**ASSIGNED TASK:** Send back the data below exactly. Drop every picture.

**RECORDED DATA:**

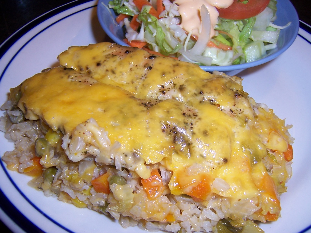 - Положите курицу поверх рисовой смеси и приправьте солью и перцем (я также посыпала курицу еще луковым и чесночным порошком).
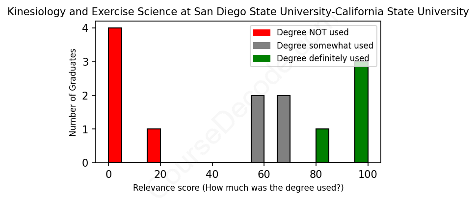 First, some facts. Of the Kinesiology and Exercise Science graduates from San Diego State University-California State University we've analyzed , here's how many have used (or NOT used) their degree in their career:
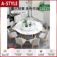 苏宁放心购北欧大理石圆形轻奢餐桌铁艺圆餐桌带转盘家用餐桌椅组合现代简约A-STYLE

**EXPECTED ANSWER:**
 - Положите курицу поверх рисовой смеси и приправьте солью и перцем (я также посыпала курицу еще луковым и чесночным порошком).
 First, some facts. Of the Kinesiology and Exercise Science graduates from San Diego State University-California State University we've analyzed , here's how many have used (or NOT used) their degree in their career:
 苏宁放心购北欧大理石圆形轻奢餐桌铁艺圆餐桌带转盘家用餐桌椅组合现代简约A-STYLE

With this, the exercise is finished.